Retrieving Wikipedia content under CC0 licence


(Jean-Baptiste Bertrand) #1


Some Wikipedia contributors publish their content under the Creative Commons Zero licence (see this page for example and the list of users who display this template on their Wikipedia personal pages).

I started to write a script which automatically retrieve this CC0 content from the French and English Wikipedia. I made sure to retrieve only contributions under CC0 licence (e.g. I excluded derivative works like translations and contributions which are mixed with other contributors’ content).

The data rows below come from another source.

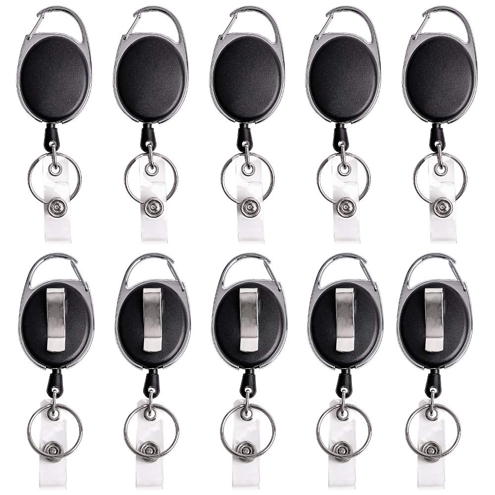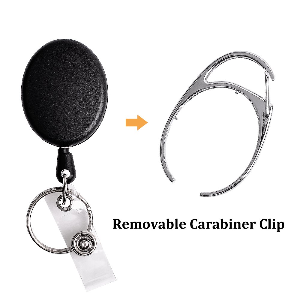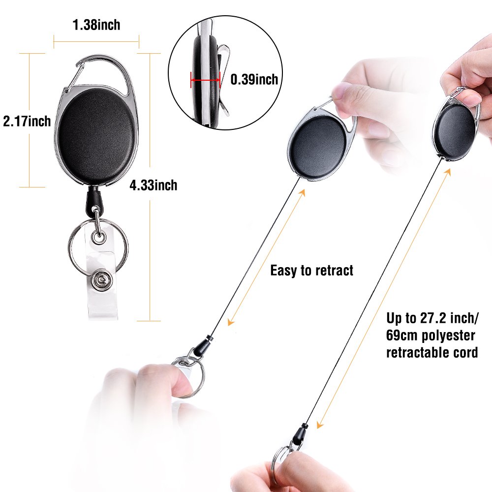 - UNIQUE DESIGN- This carabiner badge reel has two attachment choices- a carabiner and a belt clip which make it easy to secure to belt loop, backpack, purse, pocket and so on. This clip badge holder retractable is with key ring which can hold up to 12 keys
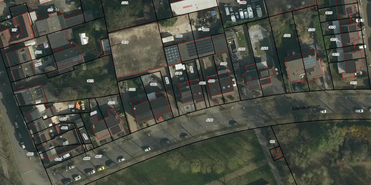 Adenauerlaan 9 is gelegen op kadastraal perceel HLN01O1942. Deze kadastrale aanduiding is uniek en wordt gebruikt door het Kadaster om eigendomsrechten en andere zakelijke rechten vast te leggen. Het perceel maakt onderdeel uit van de kadastrale gemeente Heerlen.
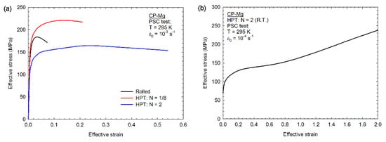 Stress vs. strain curves for pure magnesium determined in PSC tests at initial strain rates of (a) 10−3 s−1 and (b) 10−4 s−1.
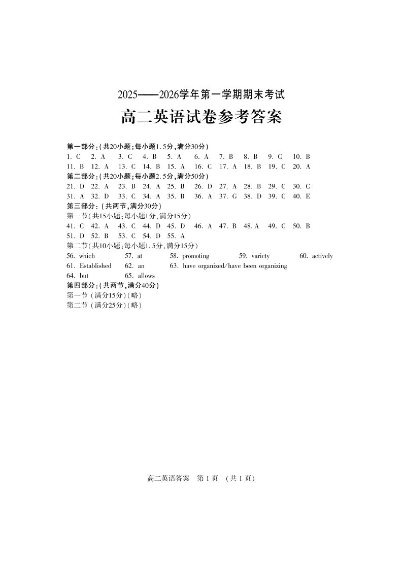 高二英语答案--河南省洛阳市2025-2026学年高二上学期2月期末考试
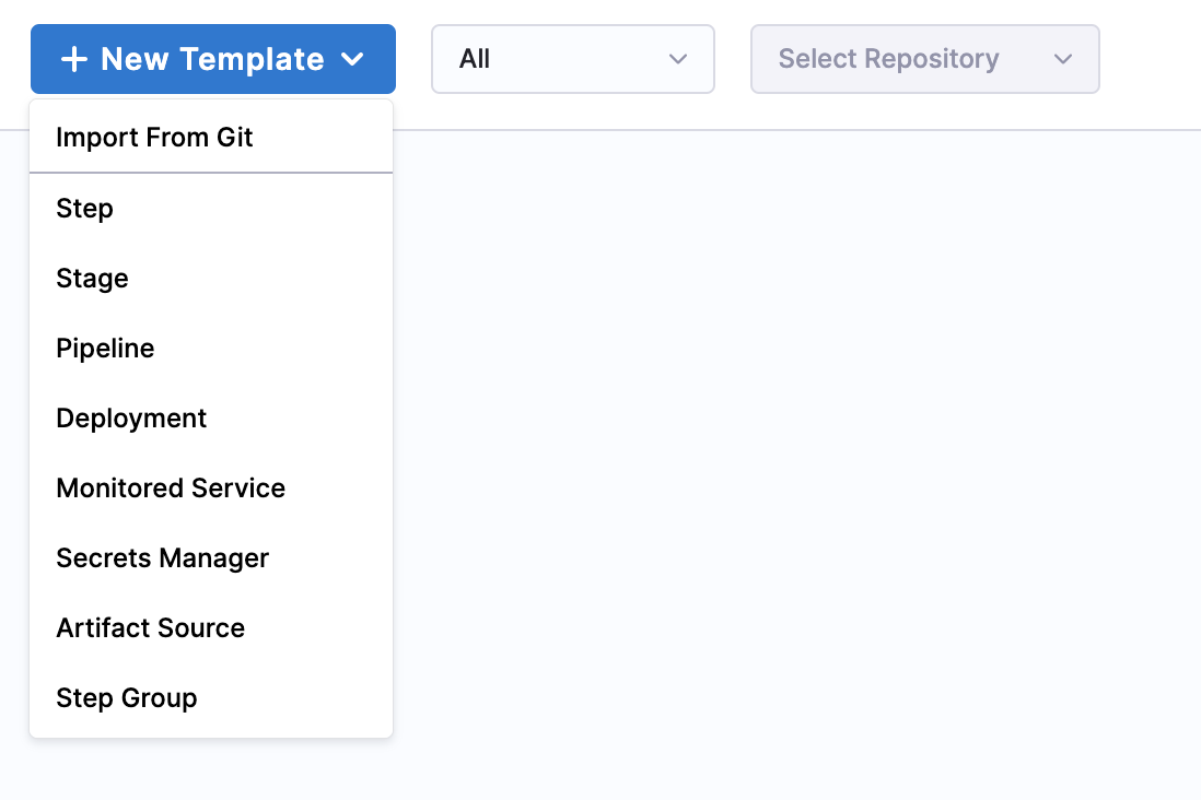 In Repository, select your repository. noteIf your repository is not listed, enter the repository name to search and select it. Create the repository in Git before entering it in Select Repository. Harness does not create the repository for you.
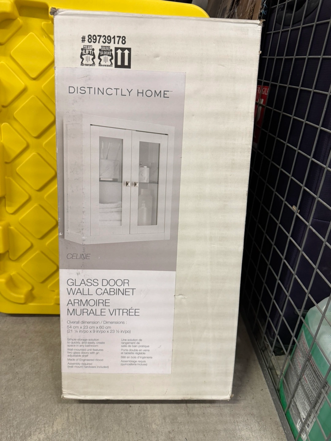 21New in box. White wall cabinet with glass doors. Features adjustable shelf. Assembly required.

Here are some examples of retrieved sentences: in English and in French.

The script still needs a lot of improvement, so I was wondering if Wikipedia content is relevant enough for Common Voice and if working on this script is worth it. I think we could retrieve some hundreds or thousands of sentences this way.

Potential issues: spelling mistakes, the style of sentences, and the script execution time (for the moment, retrieving the content from one user may take between 30 min and 2 hours).

Thanks for your comments or suggestions! (ping @mhenretty)

(Jean-Baptiste Bertrand) #2

I updated the script to make it easier to use for other people, you can see it here. You’ll need this script too. It still needs improvements.

Basic usage:
~python <language code> <output directory>
~python "en" "C:\Users\Jean-Baptiste\Documents\WP_CC0_content"
Then you wait for some hours, depending on the number of contributions to retrieve. It creates one file per Wikipedia contributor. Hope it will be useful somehow!

(Andrew) #3

This is really cool! I assume this constitutes as public domain, any reason to anyone why it wouldn’t? If it does then I don’t mind throwing in a little development time to help out with the script.

(Jean-Baptiste Bertrand) #4

Some help would be great!

I think the licence is OK. My doubts are mainly about the style of sentences, because I heard that we’re looking for sentences with conversational style, and Wikipedia articles are not really written in that style. Is that a problem and if so, how should we address it?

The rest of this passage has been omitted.